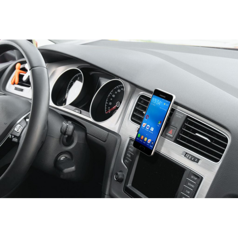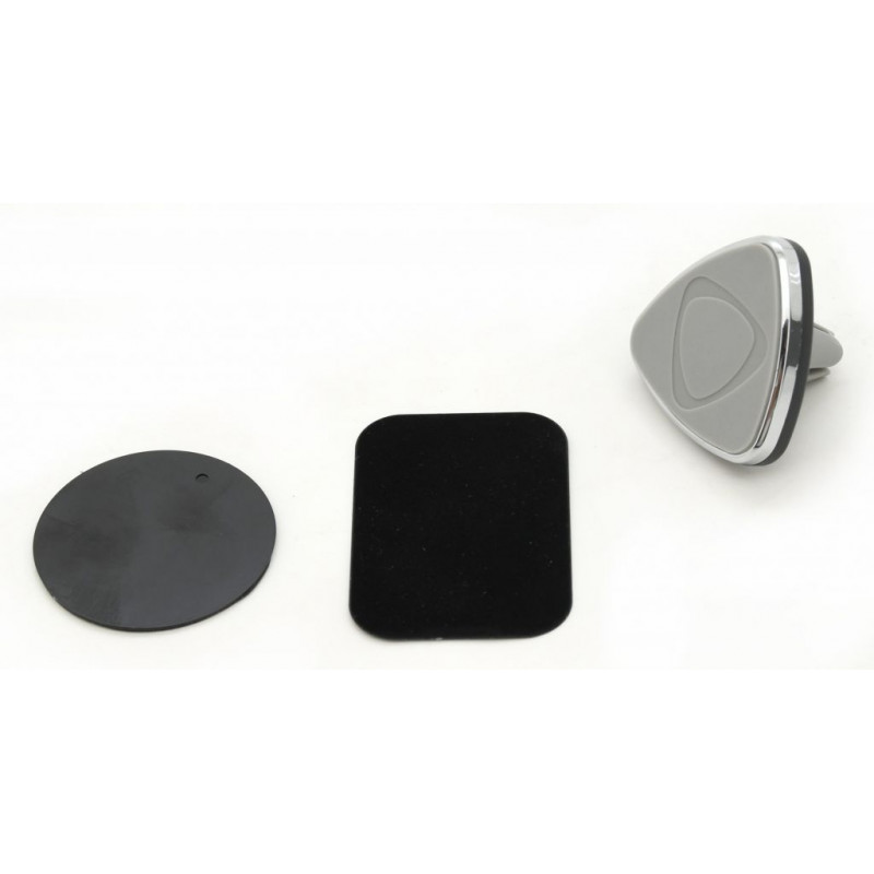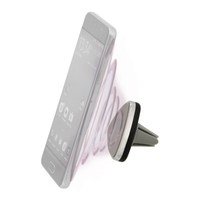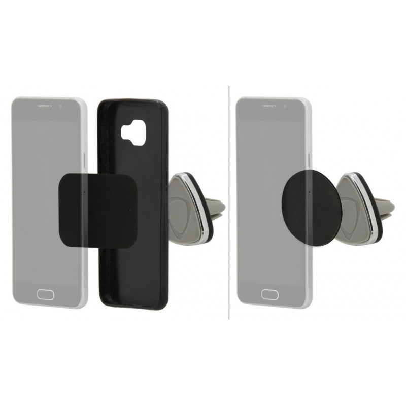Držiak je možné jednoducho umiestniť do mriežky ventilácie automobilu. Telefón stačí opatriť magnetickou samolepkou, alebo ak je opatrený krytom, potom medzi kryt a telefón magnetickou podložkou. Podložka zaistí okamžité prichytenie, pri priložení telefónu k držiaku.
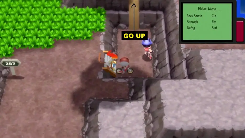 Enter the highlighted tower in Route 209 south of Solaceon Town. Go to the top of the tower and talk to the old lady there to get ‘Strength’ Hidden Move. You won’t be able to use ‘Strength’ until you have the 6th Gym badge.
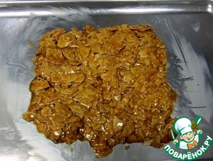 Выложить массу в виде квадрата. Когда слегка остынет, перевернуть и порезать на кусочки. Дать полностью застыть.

--

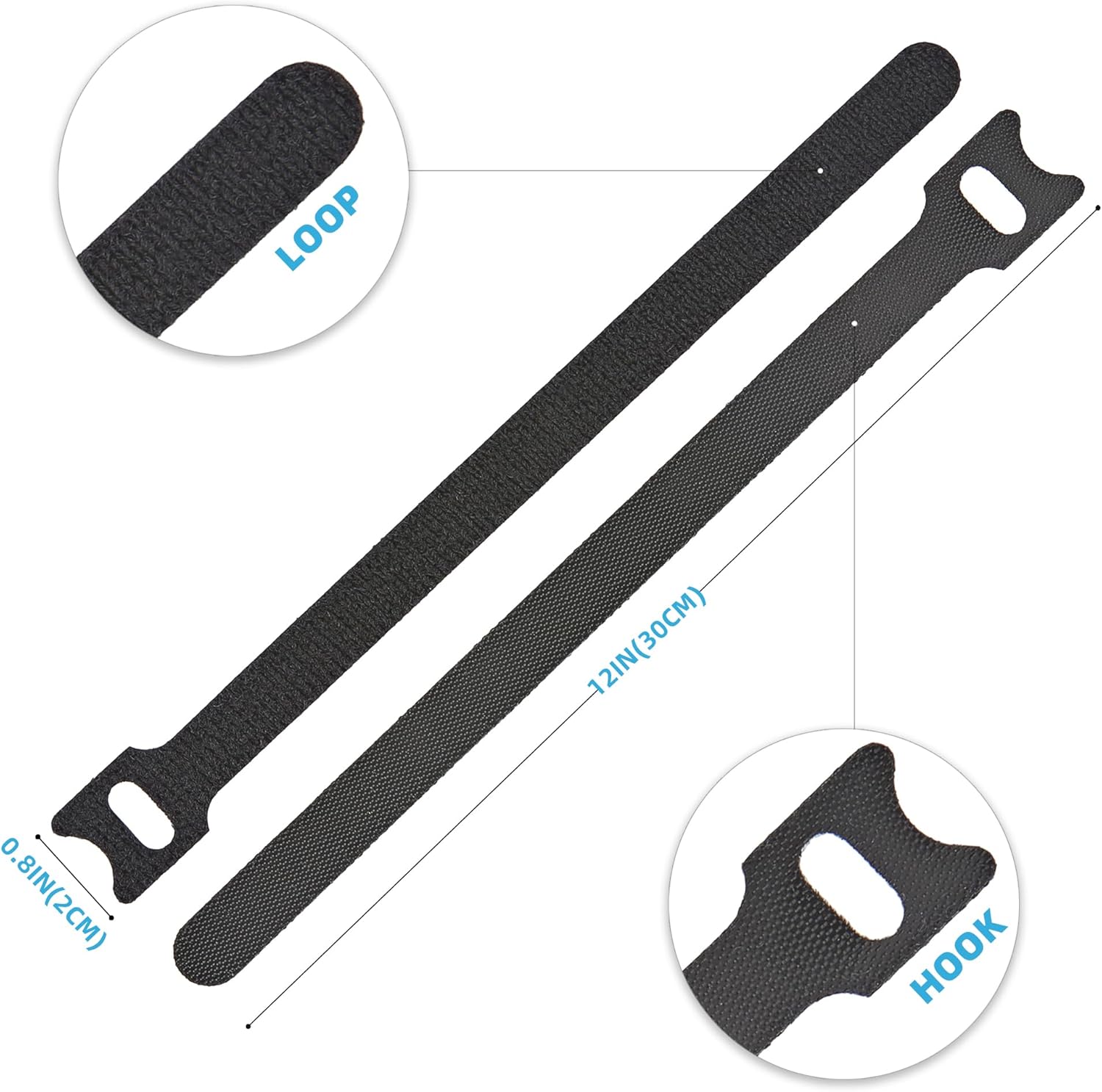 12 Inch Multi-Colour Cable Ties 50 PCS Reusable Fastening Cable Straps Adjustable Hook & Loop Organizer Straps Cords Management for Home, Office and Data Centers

--

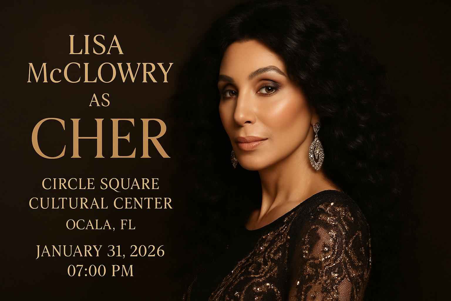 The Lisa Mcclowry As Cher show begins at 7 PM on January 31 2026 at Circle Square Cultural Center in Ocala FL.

- _Exercise brief_: For this exercise, set down the lines in the entries above from the one with "Enter the highlighted" through the one with "Выложить массу в" exactly as written, without any pictures.

- _Task output_:
 Enter the highlighted tower in Route 209 south of Solaceon Town. Go to the top of the tower and talk to the old lady there to get ‘Strength’ Hidden Move. You won’t be able to use ‘Strength’ until you have the 6th Gym badge.
 Выложить массу в виде квадрата. Когда слегка остынет, перевернуть и порезать на кусочки. Дать полностью застыть.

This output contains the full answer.